4 - Outros, assimilam o fato de que ainda não existe cura e que todo e qualquer tratamento disponível atualmente tem um “preço” que pode ser mais caro que o de nenhum tratamento. Estes, se vêem como deficientes e se colocam na sociedade como tais, conseguindo adaptações para a plena participação da grande construção que a humanidade faz no planeta e isto é tão mais importante, que a cãimbra do escrivão fica relegada a uma mera característica individual. Este grupo de pessoas é o único que conheço que vive plenamente feliz e aguarda serenamente uma solução satisfatória e definitiva (cura ou tratamento eficiente sem efeitos colaterais relevantes) que a Ciência, também como produto humano, trará, cedo ou tarde. Estas pessoas não sentem dor, não agregam mais problemas físicos e nem frustração, porque entendem que não tem mais condições de desempenhar esta função, mas, para outras tem total capacidade. Este grupo, talvez de fato meio “Poliana”, consegue ver que esta deficiência é uma das mais fáceis de conviver graças a uma era tecnológica e que ainda pode trazer facilidades para a vida como um todo, como os sistemas de cotas. Independente da opinião que tenhamos disto, se é um sistema correto ou não, justo ou injusto, ele esta aí hoje e pode nos beneficiar. Minha opção foi esta, depois de diagnosticada, publiquei 8 (oito) livros, fiz especialização, mestrado e passei em primeiro lugar no concurso público para o cargo que ocupo atualmente, de biólogo em Curitiba, que abriu apenas para 2 vagas e teve cerca de 1500 concorrentes. De outra forma, ainda estaria concentrando meu tempo em escrever a mão e não em produzir e fazer parte da sociedade.
Entendo que, cada um de nós, sabedores do que é a cãmibra do escrivão e suas atuais possibilidades, deve decidir o que quer para si agora e no futuro, de acordo com sua natureza. Cada um de nós tem a escolha:
1- dedicar tempo insistindo em tentar escrever a mão assumindo riscos de mais problemas e frustrações, em certos casos, servindo de cobaia em procedimentos e tratamentos experimentais questionáveis;
2- dedicar tempo para escrever da forma que é possível, por exemplo, digitando, o que além de ter uma chance significativamente menor de trazer lesões e frustrações é a possibilidade de concentrar o tempo de vida produzindo, participando da sociedade, sendo feliz.

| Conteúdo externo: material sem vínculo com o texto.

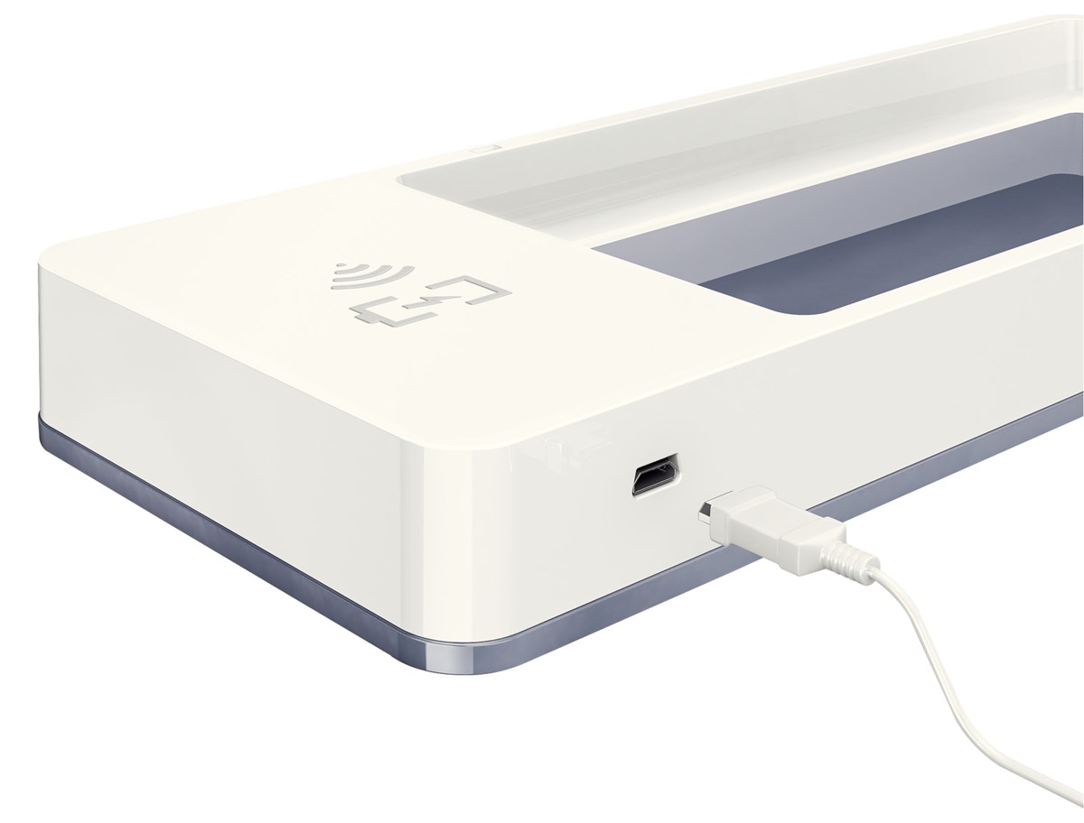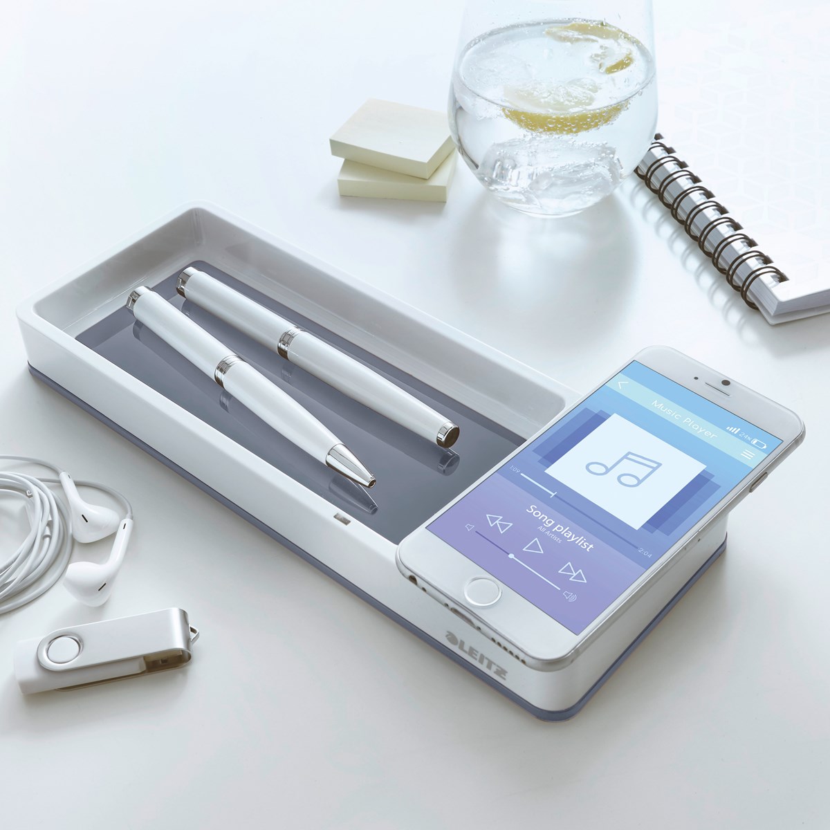 Pennfack med praktisk induktionsladdare. Med den trådlösa Qi-laddaren kan du ladda din mobiltelefon utan kabel (kräver att telefonen stödjer detta). När telefonen är fulladdad slutar enheten att ladda. USB-kabel för strömtillförsel medföljer. Mått: 266x28x101 mm.

Vejo claramente que algumas pessoas “tem o problema” e outras, “são o problema”. Isto faz toda diferença sobre ser feliz ou não. Pois, a cãimbra do escrivão não é razão suficiente para fazer alguém infeliz e nem para que se aumente o problema além dele mesmo, então, a questão é a escolha que cada um faz quando se depara com esta realidade.
Enquanto isto, a Ciência segue seu rumo e talvez um dia solucione a dificuldade de todos nós, indistintamente. Até lá, a felicidade do portador da cãimbra do escrivão e a possibilidade de participação plena na sociedade, depende exclusivamente dele mesmo.